- The Orchards at Ellerslie Location of The Orchards at Ellerslie in Edmonton
- Coordinates: 53°24′11″N 113°27′58″W﻿ / ﻿53.403°N 113.466°W
- Country: Canada
- Province: Alberta
- City: Edmonton
- Quadrant: SW
- Ward: Karhiio
- Sector: Southeast
- Area: Ellerslie

Government
- • Mayor: Andrew Knack
- • Administrative body: Edmonton City Council
- • Councillor: Keren Tang
- Elevation: 701 m (2,300 ft)

= The Orchards at Ellerslie, Edmonton =

The Orchards at Ellerslie is a neighbourhood in southeast Edmonton, Alberta, Canada that was established in 2007 through the adoption of The Orchards at Ellerslie Neighbourhood Structure Plan (NSP).

The Orchards at Ellerslie is located within the Ellerslie area and was originally considered Neighbourhood 3 within the Ellerslie Area Structure Plan (ASP).
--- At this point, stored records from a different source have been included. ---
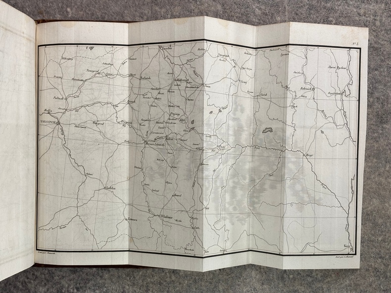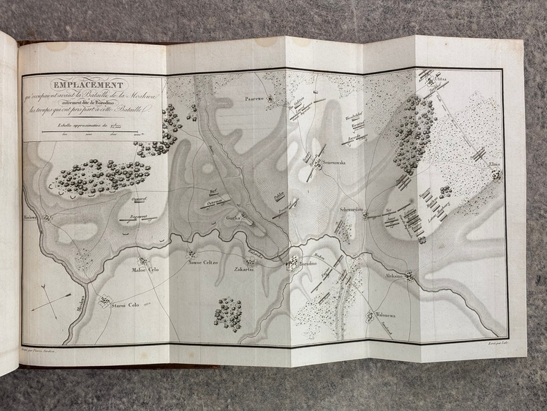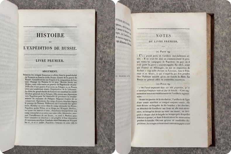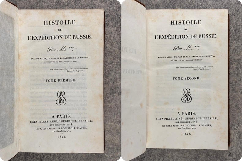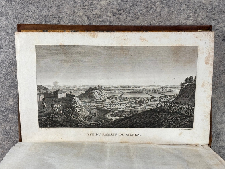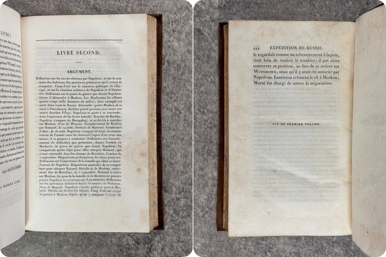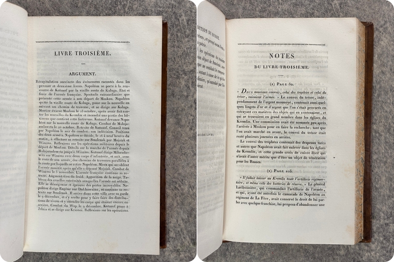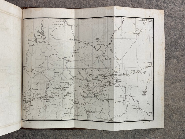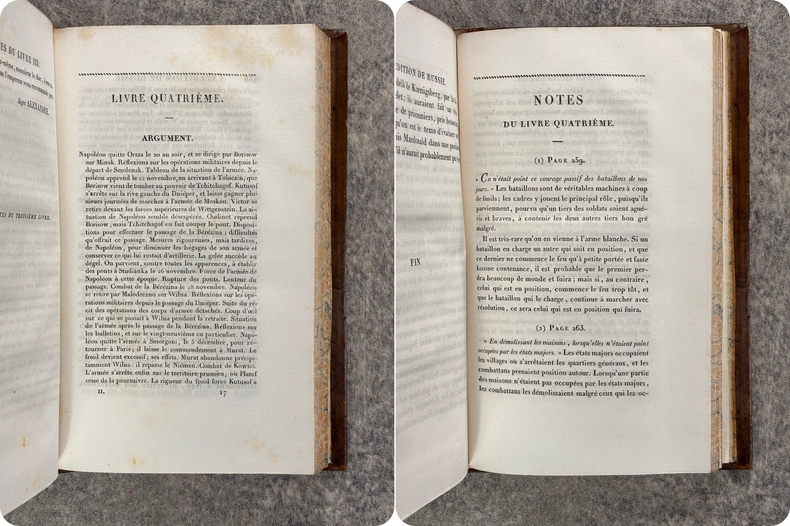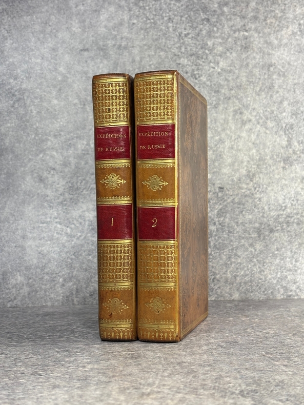 A PARIS. CHEZ PILLET AINE, IMPRIMEUR-LIBRAIRE, ET CHEZ ANSELIN ET POCHARD, LIBRAIRES. 1823. 2 VOLUMES IN-8 (13,5 X 21 X 6,5 CENTIMETRES ENVIRON) DE (4) + II + 444 ET (4) + 460 PAGES, RELIURE D’EPOQUE PLEIN VEAU RACINE, DOS LISSE ORNE DE FLEURONS DORES, GRECQUE DOREE ENCADRANT LES PLATS, FILET DORE SUR COUPES, TITRE DORE SUR ETIQUETTE MAROQUIN ROUGE, TRANCHES MARBREES. ILLUSTRE D’UN FRONTISPICE GRAVE PAR COUCHE FILS D’APRES BAGETTI (PASSAGE DU NIEMEN), SOUS SERPENTE, ET DE 4 TABLEAUX DEPLIANTS. L’ATLAS PAR BRUSSEL DE BRULART, RELIE A LA SUITE DU SECOND VOLUME SE COMPOSE DE 5 CARTES DEPLIANTES GRAVEES PAR CHAMOUÏN ET TARDIEU : UNE CARTE GENERALE DU THEATRE DE LA GUERRE FINEMENT REHAUSSEE A L’AQUARELLE, UNE CARTE DU NORD DE LA LITUANIE, CELLE DU MIDI DE CETTE MEME PROVINCE, UNE DES GOUVERNEMENTS DE MOSCOU ET DE SMOLENSK, ET UN PLAN DE LA BATAILLE DE LA MOSKOWA (EGALEMENT APPELEE BATAILLE DE BORODINO). EDITION ORIGINALE RARE. L'UNE DES MEILLEURES RELATIONS DE LA CAMPAGNE DE RUSSIE, REDIGE PAR L'UN DE SES PRINCIPAUX ACTEURS. CAPITAINE D'ARTILLERIE, AIDE DE CAMP DE MURAT, LE MARQUIS DE CHAMBRAY FUT FAIT PRISONNIER PAR LES RUSSES PENDANT LA RETRAITE DE RUSSIE EN 1812 ET MAINTENU EN CAPTIVITE EN UKRAINE OU IL RECUEILLIT LES MATERIAUX POUR LA REDACTION DE CET OUVRAGE REPUTE ET L’UN DES MIEUX DOCUMENTES SUR CETTE CELEBRE CAMPAGNE. BEL EXEMPLAIRE.
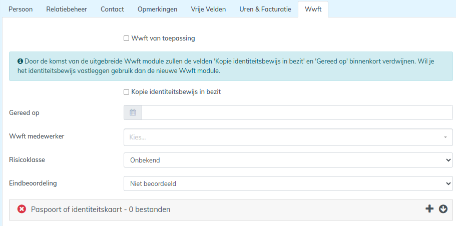 Let op! De module Wwft is alleen volledig te gebruiken als je al gebruik maakt van Cloud Opslag.
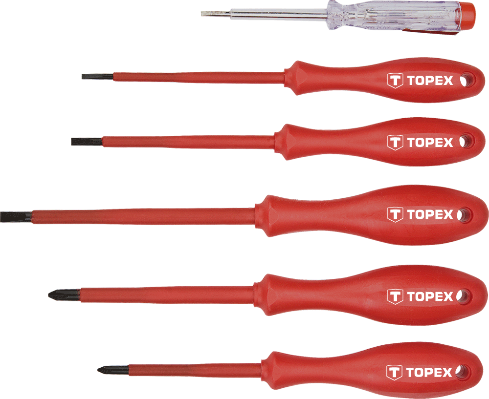 Zestaw wkrętaków TOPEX (nr ref. 39D155) przeznaczonych do prac pod napięciem do 1000V. Każdy z pięciu wkrętaków wykonany z wysokiej jakości stali chromowo-molibdenowej, izolowany. Dodatkowo w komplecie próbnik instalacji elektrycznej 125 - 250V. Wyprofilowana rękojeść prawidłowo leży w dłoni, co podnosi komfort pracy. Marka TOPEX skierowana jest do majsterkowiczów.
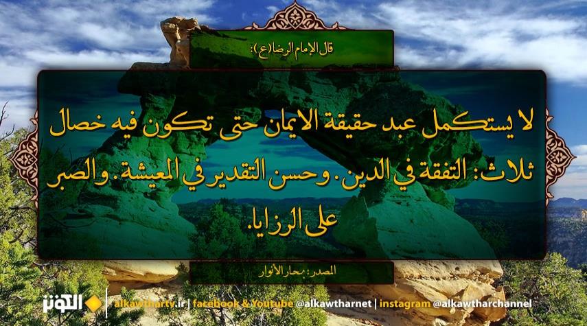تهران الکوثر: امام رضا علیه السلام، سه نشانه برای کامل شدن ایمان بنده ذکر کردند.
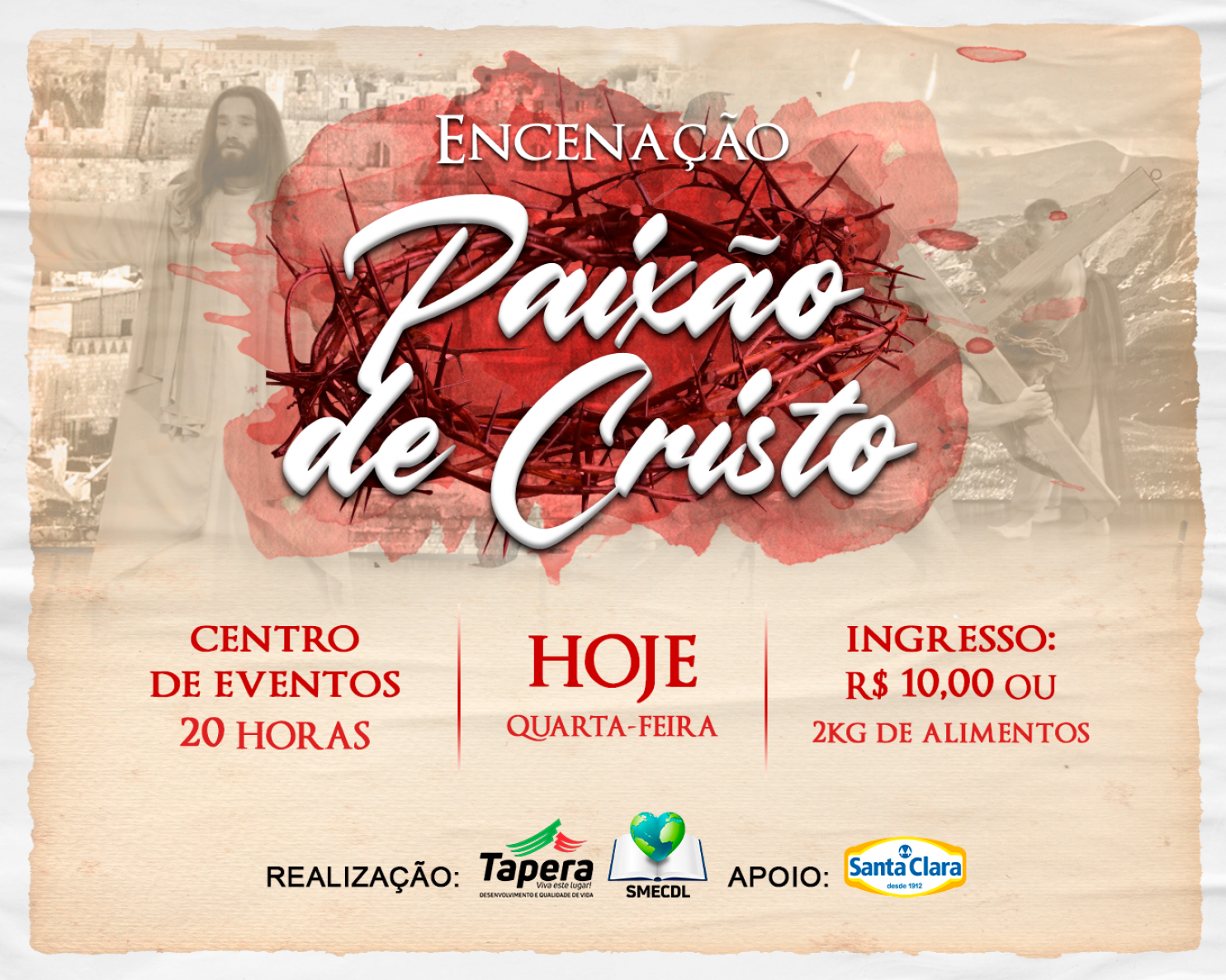 A Prefeitura Municipal de Tapera tem o prazer de convidar a todos para prestigiarem a tradicional encenação, Paixão de Cristo, que irá se realizar dia 5 de abril, no Centro de Eventos.

It is bounded on the west by the Ellerslie Industrial neighbourhood, north by 25 Avenue SW, east by 66 Street SW, southeast by Ellerslie Neighbourhood 4, and south by the city limits (41 Avenue SW).

In the 2019 Edmonton Municipal census, The Orchards at Ellerslie has a population of 4,126 inhabiting a total of 1,446 dwellings.